Die Berliner Firma Wooga entwickelt Spiele für soziale Netzwerke – und ist damit weltweit erfolgreich. Millionen Menschen spielen die Games täglich.

Berlin - Schrippen, Erbsensuppe und andere Lebensmittel – das waren die Produkte, die Anfang des vorigen Jahrhunderts in dem alten Backsteingebäude in Prenzlauer Berg hergestellt wurden. Heute entstehen in der Backfabrik keine Leckereien mehr, sondern ganze Welten. Zumindest in den Büros der Firma Wooga. Diese Welten sind nicht real, sondern virtuell. Es sind Computerspiele, die in sozialen Netzwerken wie Facebook täglich von Millionen Menschen gespielt werden.
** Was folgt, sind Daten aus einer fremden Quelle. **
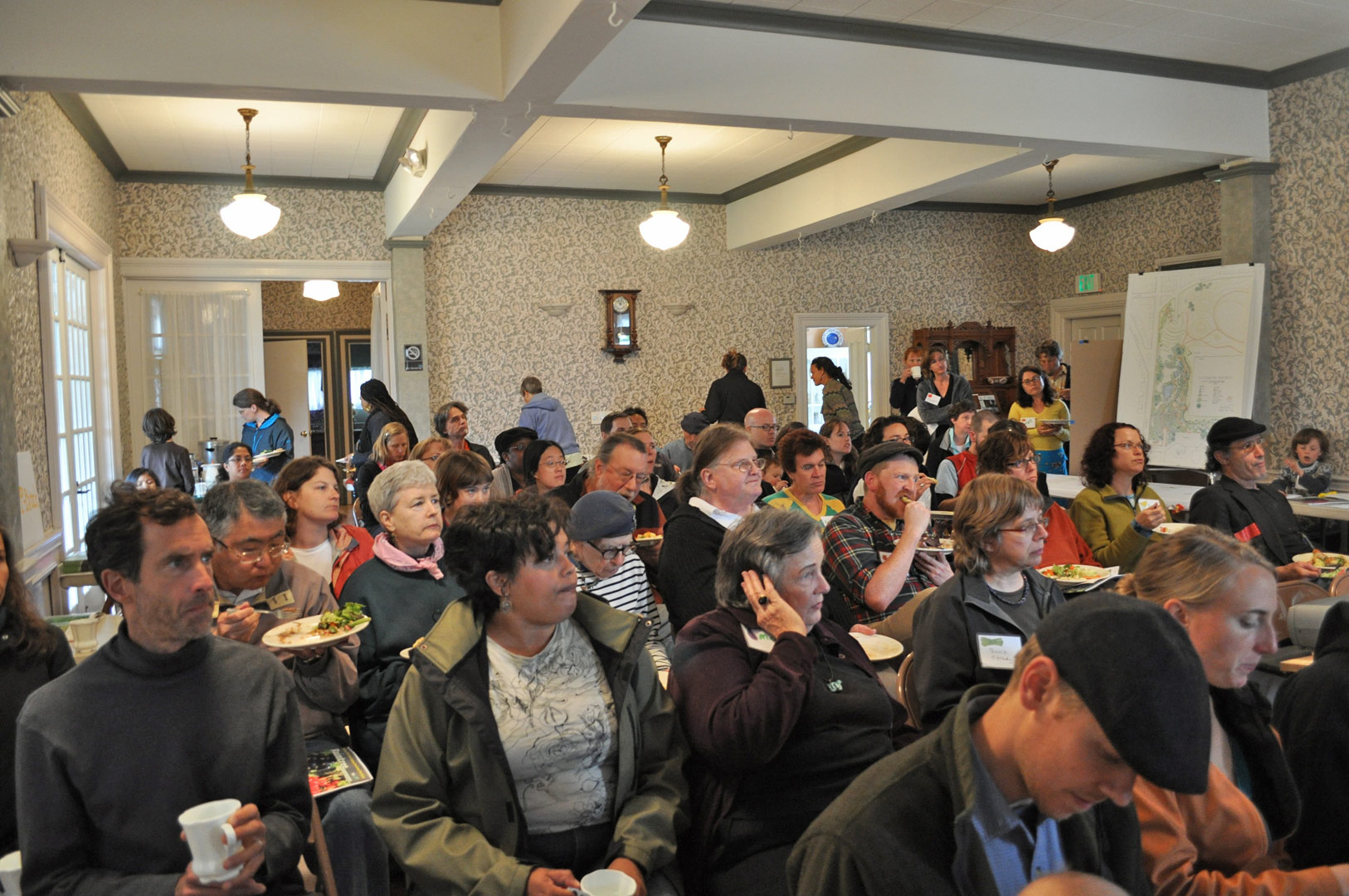 Image from 2011-06-07 Beacon Food Forest workshop at The Garden House on Beacon Hill in Seattle.

In diesen Spielen geht es bunt zu. Bei Monster World etwa können die Nutzer als kleine freundliche Monstergärtner ihre Felder bestellen, aussähen und zuschauen, wie dann Zuckerstangenbäume, Limonadenpflanzen und andere verrückte Dinge unter ihren pflegenden Händen wachsen und gedeihen. Wem das noch nicht verrückt genug ist, der kann im Happy Hospital seinen Hund vom Napoleonsyndrom heilen, bei Bubble Island bunte Bälle verschießen oder seine Intelligenz mit Geschicklichkeitsaufgaben bei Brain Buddies testen lassen. Und das tun nicht wenige.

„Mittlerweile erreichen wir mehr als 16 Millionen aktive Nutzer im Monat“, sagt Jens Begemann, einer der Gründer und Geschäftsführer von Wooga. Nicht ohne Stolz zeigt der 34-Jährige auf einen Bildschirm mit Statistiken. „Bezogen auf diese Nutzerzahlen sind wir die Nummer eins aus Europa“, sagt er. „Weltweit die Nummer sechs.“ Für ein Unternehmen, das noch keine drei Jahre alt ist, kein schlechtes Ergebnis.

Vor allem, wenn man sich die Konkurrenz anschaut. Neben Wooga kommen neun der zehn größten Entwicklerfirmen für Spiele in sozialen Netzwerken von der Westküste der Vereinigten Staaten. Marktführer ist momentan noch unangefochten Zynga. Die Amerikaner haben das weltweit beliebte Spiel Farmville entwickelt, das aktuell von rund 51 Millionen Nutzern im Monat gespielt wird.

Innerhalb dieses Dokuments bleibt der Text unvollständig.